斗虎吓了一跳,颤声说道:“公子…这成么?”
“为什么不成?”
“公子…貂妱她…她是个女的…而且她才刚刚修炼…!”
“她没杀过人,总是不知道自己面临的是什么!”羽墨像说一件跟自己无关的事情一样,“做得到么,貂妱?做不到可以求我!”
貂妱咬咬牙说道:“不用明天,我今晚就去!”
“很好,这次便算是对你的一个试验了,要是没通过,你便继续做你的流亡大小姐吧!”
貂妱沉着脸站在原地,羽墨又道:“你还不去准备,难道还有事求我么?”
“是!”貂妱冷冷地应了一声,转而走出院子去。
斗虎心中忐忑,觉得这样太狠了,不禁说道:“公子,这样真的成么?”
“想说什么直说好了!”羽墨不想跟他绕弯子。
斗虎道:“我的意思是对她这么狠真的好么?公子你一定会去看着她的对不对?”
“不去!”羽墨道。
“啊…?”
“我只是相信她能做到而已!”
“要是她做不到,那岂不是会…?”
“那就让她死吧,报不了仇,比死了还痛苦!”羽墨将剩下的虎肉拿起来,跃上了黑睛兽的背,驱动黑睛兽从寨墙上跃了出去。斗虎愣在原地,忽然感觉到一阵寒意。
羽墨啃着手中的肉,让黑睛兽转而向黑鸦峰奔去。
入夜,貂妱穿着黑衣,拿着斗虎交给自己的淬了毒的长剑,出了山寨之后向东面行去,那黑鸦峰离得不远,张大保素日对他们也有些供奉,所以山寨才一直没动他们,好让他们在更外围吸引那些侠士们的注意。貂妱有羽墨给她打下的根基,多少有些修为,听斗虎说自己已快可以御剑飞行了,所以她增了许多的信心,想不到今日被羽墨几巴掌给全部打没了,而此刻她心里面有些紧张,有些害怕,也有些颤抖,她咬了要发白的嘴唇,想着羽墨今天对她的提醒,顺着山道冲下山去。

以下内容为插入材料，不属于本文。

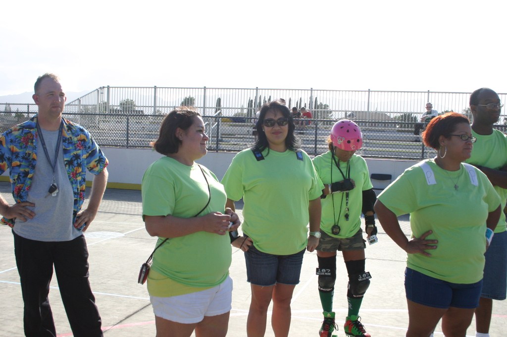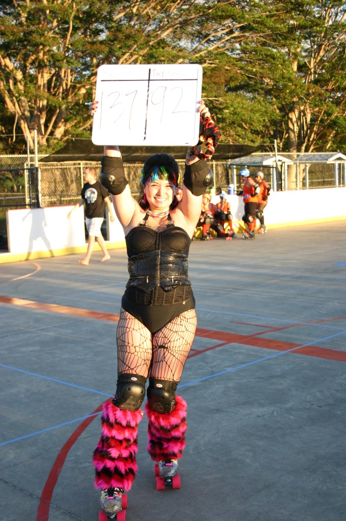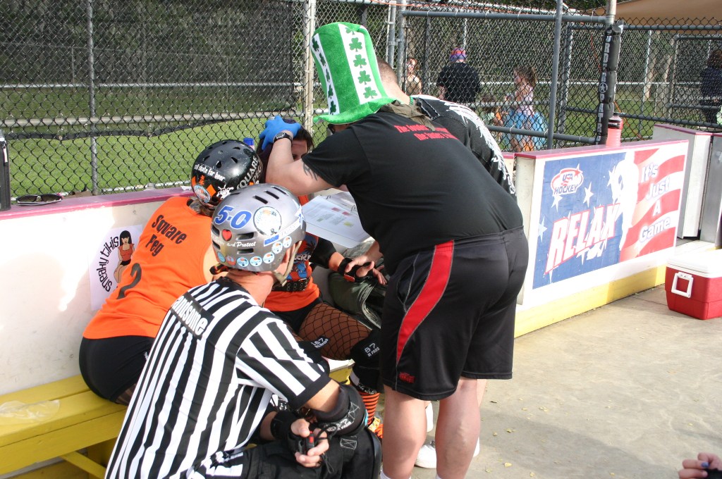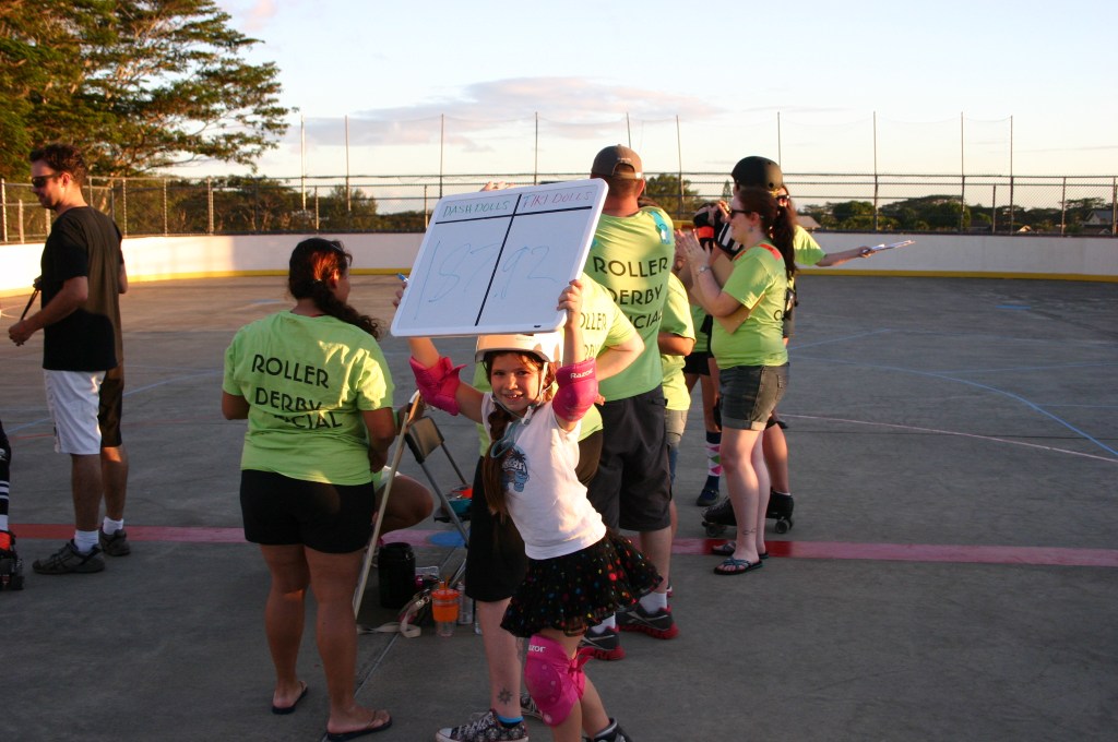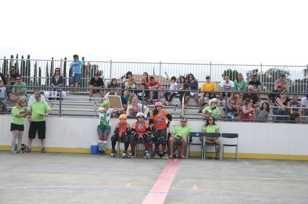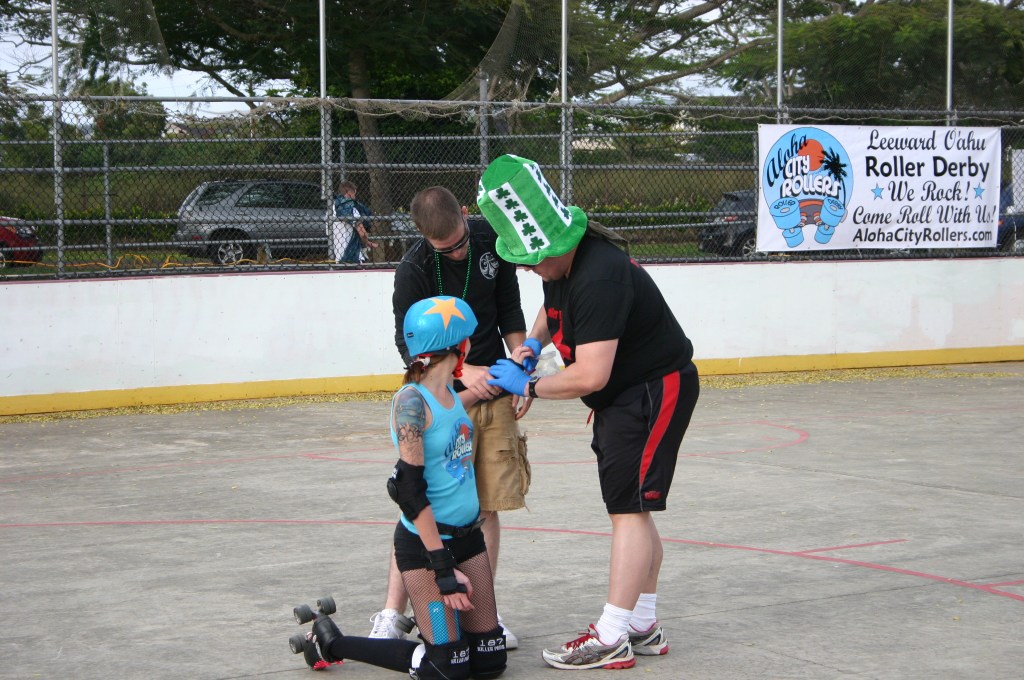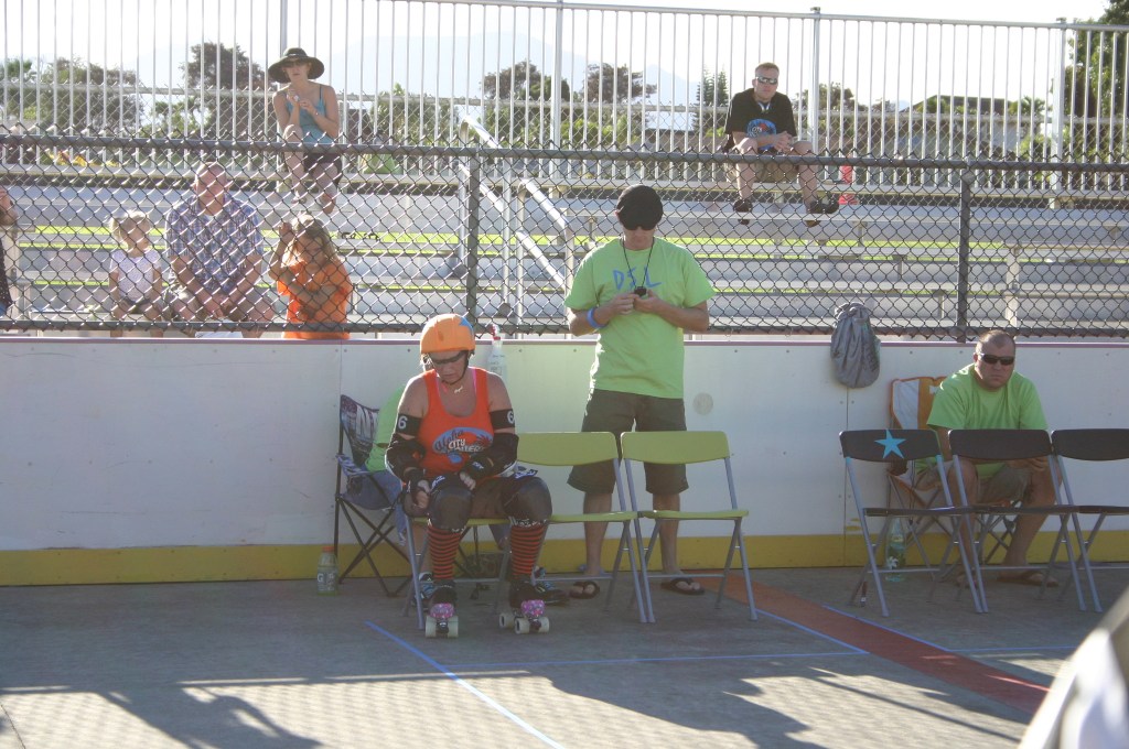 A roller derby scrimmage or bout requires many support members to help keep score, track penalties, run the penalty box, announce and explain what is happening to the crowd, and bandage up scrapes that may happen. NSOs are Non Skating Officials and they assist the referees in keeping the game safe and fair. Many spouses and friends helped out Aloha City Rollers as NSOs. Many prospects who considered playing but couldn’t commit to the practices supported the league as NSOs. All fresh meat should help their leagues as NSOs to better learn the rules and gain a greater understanding of how roller derby is played. Injured players should also support their league as NSOs during their recovery.

过了半个时辰,貂妱便来到了黑鸦峰下。张大保跟他的几个手下占了黑鸦峰下面一个山洞作为据点,最好的方法是乔装潜伏进去,但羽墨说过要十七个人头,貂妱没杀过人,甚至连鸡都没杀过,虽然见过砍头,但心里面还是害怕而紧张。她的手心出着汗,润湿了剑柄。斗虎虽然给她事先吃了解药,但这长剑要是沾上自己的皮肤,那也十分不妙,所以她更加紧张怕长剑会刺到自己。眼前张大保的山洞已近在咫尺,甚至能看见守在山洞门口的两个喽啰。貂妱伏在草丛里面,想先平伏一下自己的心情。但旁边树上却忽然蹿落一个身影,沉沉地将她压在地面上。
噗通的声音引起了喽啰的注意,其中一个喊道:“怎么回事?”
“嘿嘿嘿,没什么,捉到一只晚上出来活动的草鸡!”
貂妱听到自己身上的人喊道,她脑子里面闪过一阵空白之后又连忙反应过来,在山洞外面又怎么会没有暗哨呢,真是笨啊,他一定是暗哨了!
“起来吧你!”那人想扭住貂妱的手,貂妱拿剑的手却被那人踩出,貂妱狠狠挣扎之下却居然发出一股大力挣脱了开来,她拿起剑来反手狠狠地削过暗哨的腹部。
“啊!”暗哨发出一声惨叫仰天倒了下去。他腹上的鲜血却瞬间激射出来溅到了貂妱的脸上,那炙热的血带着腥味扑鼻而来,貂妱一时间愣住了,脑子里面唯有一个念头:我杀人了?我杀人了?
她害怕而惶恐,不知道该怎么办。而暗哨的惨叫声很快引来了警惕,喽啰们持着火把冲过来,貂妱被震醒过来,拔出剑来连忙向树林里面逃走。
喽啰们见到地面上躺着的人,连忙抬了回去禀告了。
貂妱奔入树林里面慌不择路,天上的月光淡淡照得她的身影狰狞而阴冷,貂妱摸着自己脸上的血,闻着那浓厚的血腥味让她直想做呕,刚才刺穿那人腹部的感觉,就像一瞬间刺入了一团棉被一样,人真的这么脆弱么?他死了么?他死了,我杀了他,我杀了人了!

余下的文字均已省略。